Go Home. Stay Home

 

Well, I guess I should just start at the beginning. We talked about going maybe during spring break, but that didn't happen 'cause everything just broke loose, we ran out of time. And then that's when COVID was really starting to take root. 

About two weeks before school ended, we thought, "Well, maybe it would be a good time to go now." We'd just gotten married in December and some of Mike's stuff was still in Florida. He had left about two years ago to come up to the Minnesota region, Minnesota area. And so, we needed to go and get his belongings from there, but also to visit family. So they live in Cape Coral, his mom and sister. And then my sister and brother and her family live in Fayetteville, Georgia. So, we kinda planned what day we would leave, but really not a time in which it would end, so we knew that we would take some time to get down there.

The time that we chose to leave, we couldn't even leave because Mike looked down at my tires, the day that we were going to leave and said, "You still have snow tires on." I'm like, "Oh. Oh no! We can't go to the southern part of the states with snow tires."  The car wouldn't have lasted. So we actually even delayed the trip for another day, but then we hit the road. 

We went through Wisconsin and then Illinois, and I believe it was through Illinois where we first saw the signs about, "Go home" -- digital signage over the highway.  They were like "Go home. Stay Home," so we started seeing a lot of those in our travels. We tried to take a picture. We weren't successful in getting them.

Our trip ended up being from May 19 to June 6th or 7th. So we were gone for a little while visiting with his family, visiting with my family. 

We first stopped, our first night was in Paducah, Kentucky. And at the time, we saw some cars at a hotel, and so I stopped there initially, and it looked like it was open to the public. We went through the first set of doors and then the second set of doors were closed and it said Currently Under Renovation and due to COVID we are also closed and we're taking this time to renovate, basically. So then we ended up going to another, to a motel, which they were open. The clerk was very nice. She was chatting us up a little bit and couldn't understand why things were closed in Kentucky when things were open in Tennessee.  They were crossing the border to go over to the restaurants and go shopping and things like that, so it was a different mentality being down there.
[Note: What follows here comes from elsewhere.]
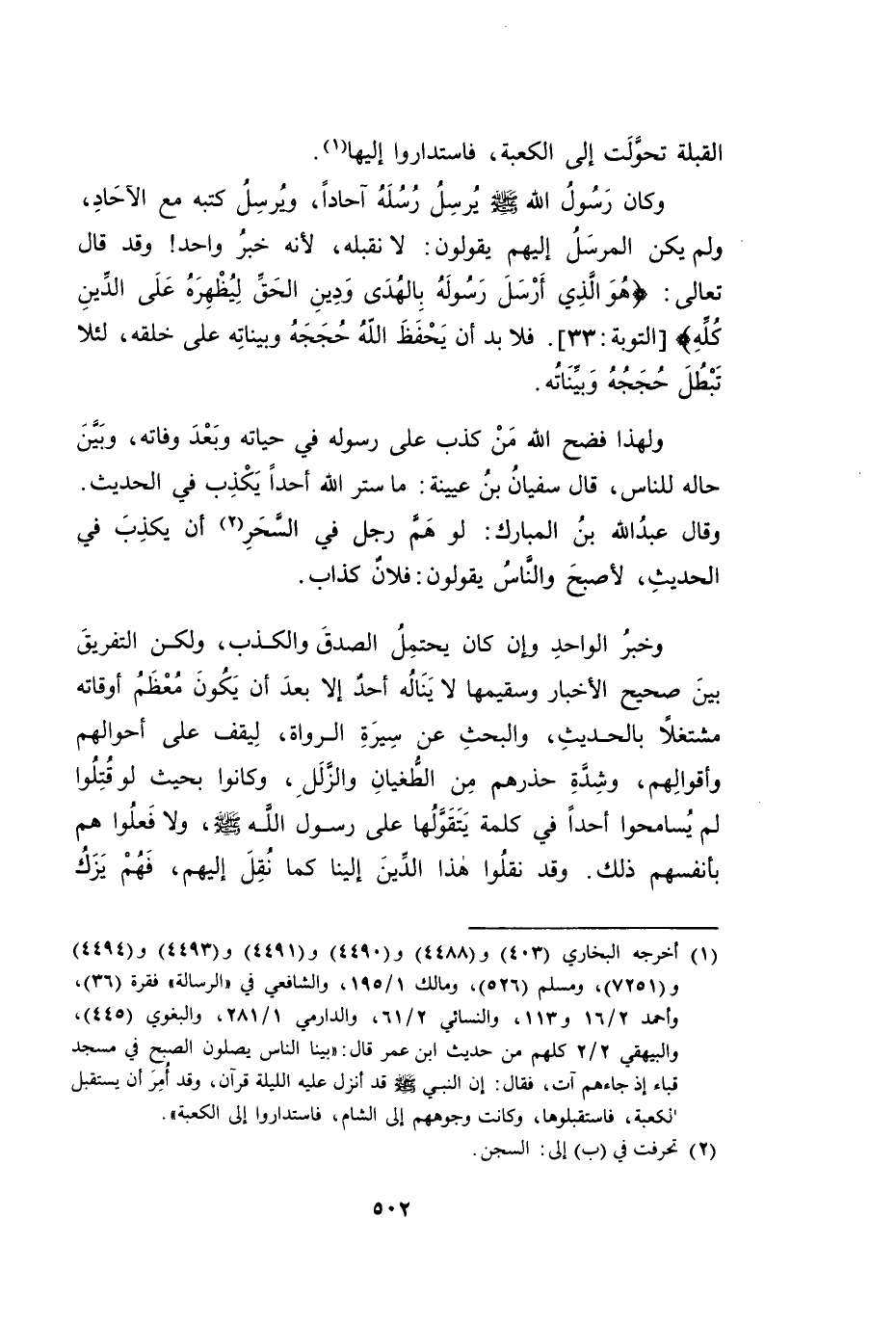 وَخَبَرُ الْوَاحِدِ وَإِنْ كَانَ يَحْتَمِلُ الصِّدْقَ وَالْكَذِبَ - وَلَكِنَّ التَّفْرِيقَ بَيْنَ صَحِيحِ الْأَخْبَارِ وَسَقِيمِهَا لَا يَنَالُهُ أَحَدٌ إِلَّا بَعْدَ أَنْ يَكُونَ مُعْظَمَ أَوْقَاتِهِ مُشْتَغِلًا بِالْحَدِيثِ، وَالْبَحْثِ عَنْ سِيرَةِ الرُّوَاةِ، لِيَقِفَ عَلَى أَحْوَالِهِمْ وَأَقْوَالِهِمْ، وَشِدَّةِ حَذَرِهِمْ مِنَ الطُّغْيَانِ وَالزَّلَلِ، وَكَانُوا بِحَيْثُ لَوْ قُتِلُوا لَمْ يُسَامِحُوا أَحَدًا فِي كَلِمَةٍ يَتَقَوَّلُهَا عَلَى رَسُولِ اللَّهِ صَلَّى اللَّهُ عَلَيْهِ وَسَلَّمَ، وَلَا فَعَلُوا هُمْ بِأَنْفُسِهِمْ ذَلِكَ. وَقَدْ نَقَلُوا هَذَا الدِّينَ إِلَيْنَا كَمَا نُقِلَ إِلَيْهِمْ، فَهُمْ يَزَكُ

BM: So Kentucky was more closed than Tennessee, although they share a border?

Yes.  In some of the southern States that we were in, it seemed like people were running around without their masks on and not understanding why things weren't open. I guess we did encounter some of that going down on our trip, and even on the way back up. We went through Wisconsin, Illinois... I can't keep all of the states in order, but Kentucky, Tennessee, and then Georgia, and then Florida, and then, same route back home with a 16-foot truck with Mike's belongings, which only took up maybe 20% of the truck. And my car on a car dolly.  We wanted to travel in the same truck together rather than one person drive the truck and one person drive the car. That turned out... Yeah. It turned out to be very less stressful that way, I'm glad we did it that way.

At the time, when we were ready to leave, I had been reading that gas station handles, those dispensers, that Corona can live on those for a while, so I had some nitrile gloves left over from a couple of years ago from when I was undergoing a breast cancer treatment, so I had those gloves available. I had a lot of hand sanitizer still, so I was using those, so any time we dispensed gas, we had gloves on.  We wore our makes into the stores, if we had to go into the convenience store for the restrooms and things.  We were ripping off paper towels in the bathrooms, so when we would open doors...

It was very stressful until we got to Florida... Or when we got to my sister's place, I could relax a little bit, but even then, I hadn't seen my sister, her husband, and our brother since 2006, so there was a little anxiety there seeing family after all this time, but it was great. And then going to meet my new mother and sister-in-law, that was a little anxiety-producing too.  [Laughs.]  It was wonderful though; it was wonderful to be with family in this time of uncertainty. We were just there for each other.